### GIVEN ENTRIES
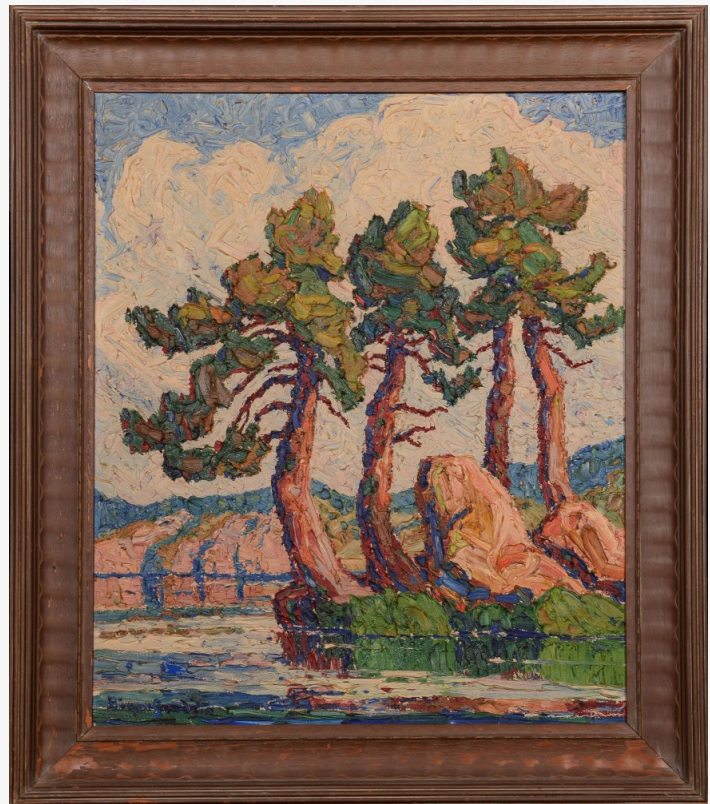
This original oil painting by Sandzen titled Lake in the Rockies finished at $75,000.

* * *

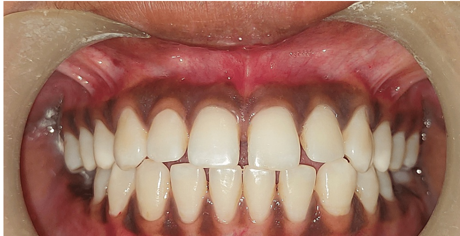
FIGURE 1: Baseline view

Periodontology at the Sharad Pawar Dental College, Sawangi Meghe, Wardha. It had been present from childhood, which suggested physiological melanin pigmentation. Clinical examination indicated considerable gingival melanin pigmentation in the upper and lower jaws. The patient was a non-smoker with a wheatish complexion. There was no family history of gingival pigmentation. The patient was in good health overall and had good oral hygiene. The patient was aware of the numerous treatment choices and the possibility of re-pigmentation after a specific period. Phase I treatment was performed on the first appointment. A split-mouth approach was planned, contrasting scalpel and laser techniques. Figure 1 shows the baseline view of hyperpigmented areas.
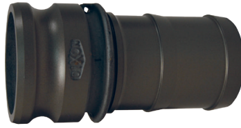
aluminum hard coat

...

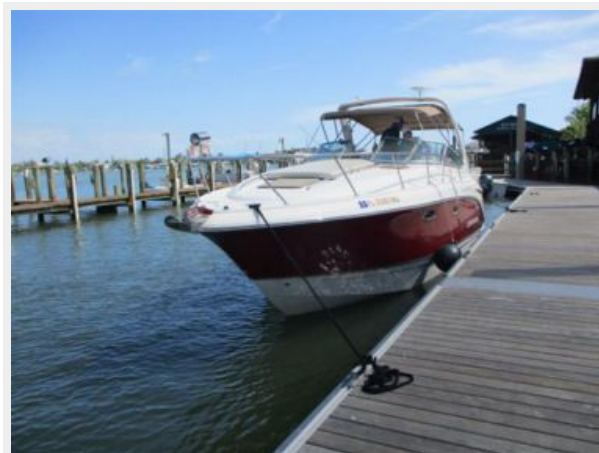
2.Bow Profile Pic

### PROBLEM DESCRIPTION
Copy each line in the listing where "view" appears.

### ANSWER SECTION
FIGURE 1: Baseline view
Periodontology at the Sharad Pawar Dental College, Sawangi Meghe, Wardha. It had been present from childhood, which suggested physiological melanin pigmentation. Clinical examination indicated considerable gingival melanin pigmentation in the upper and lower jaws. The patient was a non-smoker with a wheatish complexion. There was no family history of gingival pigmentation. The patient was in good health overall and had good oral hygiene. The patient was aware of the numerous treatment choices and the possibility of re-pigmentation after a specific period. Phase I treatment was performed on the first appointment. A split-mouth approach was planned, contrasting scalpel and laser techniques. Figure 1 shows the baseline view of hyperpigmented areas.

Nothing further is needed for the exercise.